I top dress around my apple trees in the spring and fall with about 1" of composted horse manure. I don't bother to rake it in -- some mulch on the surface is nice to have there. This spring I had some compost left over in the wheelbarrow so I spread it around on a nearby patch of lawn -- I did rake that in.

The grass in that ring around the trees is thick and green. The grass where I raked the extra compost is greener than the rest of the lawn, but less so than where I piled it thick around the trees. Actually, there's a strip of lawn "downstream" from one tree where the rain runs off that seems to be benefiting from the runoff from that inch of compost.

The Vegetable Garden

Last year I had two patches of corn in my garden. I fed the first patch every couple of weeks with liquid fish fertilizer. I gave the second patch a top dressing of 1-2" of composted horse manure when it was maybe 2' tall. The first patch did ok; the plants struggled a little bit but I got a decent yield. The second patch did well; the plants were strong and had nice green leaves, though I'm not sure the yield was any higher.

Part of the veg garden was new, and the soil wasn't built-up yet. I had squash planted there that weren't thriving. I tried top dressing with about 2" of manure on half the plants and dried blood on the others. The plants treated with blood responded much faster. Unfortunately I can't say much about yield, which was poor. An infestation of squash beetles and powdery mildew didn't help. Part of the lesson learned is that "fixing" with top dressing doesn't always work: weak plants invite pests and disease. (The volunteer pumpkins 30' away growing out of the compost pile -- very well fed from the start! -- were relatively unaffected by the beetles and powdery mildew.)

The Horse Pasture

I'm building soil in a sloping area of would-be horse pasture that's got very poor soil. Think of it as a large lawn.

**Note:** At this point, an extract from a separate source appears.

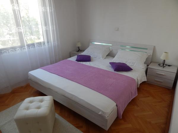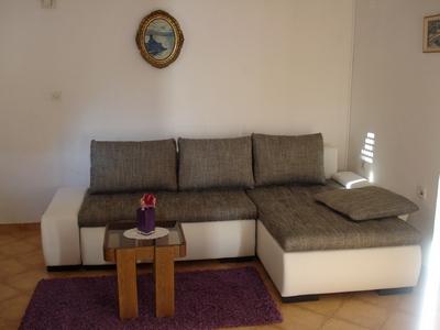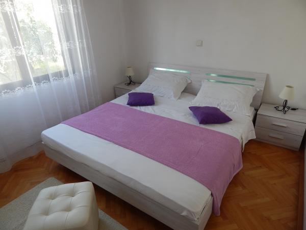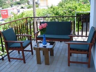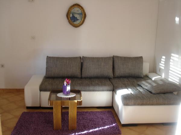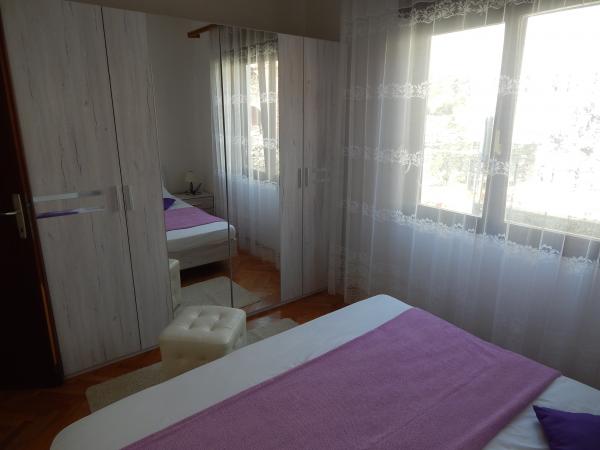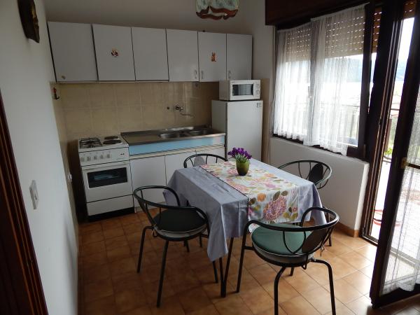 Apartamentul este la etajul de sus al întregii casei, 60m2, cu aer condiționat, cu vedere la mare. Acesta are 2 dormitoare, living cu o canapea extensibilă, bucătărie (aragaz, frigider, tacâmuri și gătit), baie, terasa 20m2 mari, cu vedere la mare, parcare gratuită, grătar, mașină de spălat.

As an experiment last fall, I dumped several 1' high by 2-3' wide windrows of compost along contour lines on the slope. Not surprisingly, the grass below those piles grows better than anywhere else -- the nutrients flowing out of the windrows when it rains feeds everything downhill. Obviously, though, nothing grows directly under those piles -- not necessarily what you want to have on your lawn, though I'm tempted to do this and plant some flowers into the pile.